Macklin Celebrini stripped the red wings of any remaining dignity

The California road trip isn’t what it used to be. About a decade ago, a team traveling from the East into the Golden State would have to duel three Cup contenders in quick succession: Los Angeles, Anaheim and San Jose. But now, with both the Ducks and Sharks struggling through extended rebuilds and the Kings without a playoff series win since 2014, the trip’s most feared enemy is jet lag. Nevertheless, the Detroit Red Wings still spent a long weekend finding a way to lose all three meetings, plunging themselves into a precarious early season position that already threatens to extend their postseason drought to nine years.

The Ducks game to open the trip was the most frustrating as a 3-1 Detroit lead near the end of the second evaporated into a 6-4 defeat. In back-to-backs against the Kings, head coach Derek Lalonde’s boys fell asleep to a 4-1 loss. In San Jose on Monday, the team salvaged a point thanks to an effective power play that helped send the game to overtime, but still left the building as losers due to the No. 1 overall pick. 1, Macklin Celebrini’s three-on-three knockout punch.

It was a different young shark, William Eklund, who picked up his team with a pair of goals to keep up with the Wings in the first half of the game. (The other one came out pretty ugly Cam Talbot botch in net.) But after the talented Red Wings trio of Dylan Larkin, Lucas Raymond and Alex DeBrincat orchestrated a five-on-four tie with two minutes left in the third, Celebrini stepped into the spotlight.
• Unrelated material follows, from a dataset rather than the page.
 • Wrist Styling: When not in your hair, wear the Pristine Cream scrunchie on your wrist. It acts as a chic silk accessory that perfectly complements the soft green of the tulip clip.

Into a line change while San Jose kept possession behind their own net, the 18-year-old skated behind Mikael Granlund as the elder Shark brought the puck all the way to the O-zone before feeding it to the speedy prodigy on the far left. Detroit had no hope of stopping him. Patrick Kane was picked off by Granlund and could only swipe the puck weakly. Simon Edvinsson covered the other half of the ice and was too slow to get over. And DeBrincat, getting the worst of it, whipped out a poke check as Celebrini maneuvered around him like roadkill. The close range shot was perfectly placed outside Talbot’s padding and in.

The Sharks are 6-10-4 and remain defensively compromised, but their fans can take a win like this, fueled by Eklund and Celebrini, as a harbinger of better times for the franchise to come. Red Wings fans, on the other hand, are starting to think about who will coach the team next, as their 7-9-2 record ranks behind only Pittsburgh and Montreal in the East.
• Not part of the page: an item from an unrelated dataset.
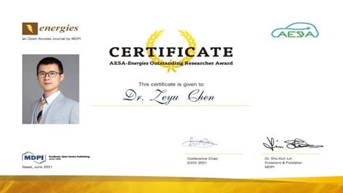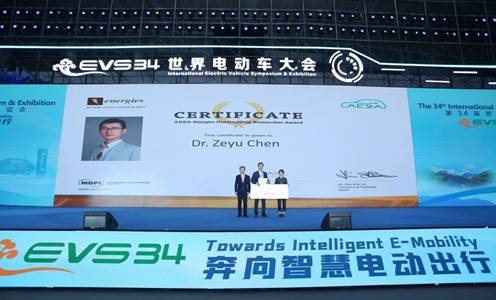 6月25—28日,第三十四届世界电动车大会(EVS34)在南京空港国际博览中心盛大召开。EVS34大会由中国电工技术学会联合世界电动车协会、亚太电动车协会以及南京市人民政府共同主办,展会规模超过30000平方米,来自国内外电动汽车领域的2000多位学者和企业代表参会,以“奔向智慧电动出行”为主题,围绕深入实施“双碳”发展、落实新能源汽车产业规划,开展了学术与技术交流。大会同时颁发了AESA-Energies全球人才奖及EVS34最佳论文奖,我校机械工程与自动化学院陈泽宇副教授获评AESA-Energies全球优秀人才奖,并获得了由Energies期刊赞助的500瑞士法郎奖励。

It’s not the slow start really at Lalonde. Detroit’s roster took a definite step back after losing a close game for the eighth seed last spring. The priority this summer was to sign cornerstones Moritz Seider and Lucas Raymond to long-term extensions, and in doing so while remaining under the cap, the Wings had to shed assets. With significant veteran signings from GM Steve Yzerman like Andrew Copp, JT Compher and Ben Chiarot continuing to hinder the team, the Wings banked on either a jump in goaltending efficiency or exciting player development just to stay afloat. On the first front, Talbot has been solid, but still not enough. For the youngsters, 21-year-old defender Edvinsson is a bright spot as a big man with skill who knows how to use his body to his advantage, but even his job has been simply to close the gap after Shayne. Gostisbehere’s exit.

Everything the Red Wings are doing right now feels like bailing buckets of water out of a leaking rowboat. And I suppose when a team’s situation gets this bleak, it means it’s time for the coach. Even if Lalonde is traded for another guy in a suit, Detroit’s problems won’t go away. This is simply not a good enough lineup to hang with the rest of the division. It couldn’t even handle California.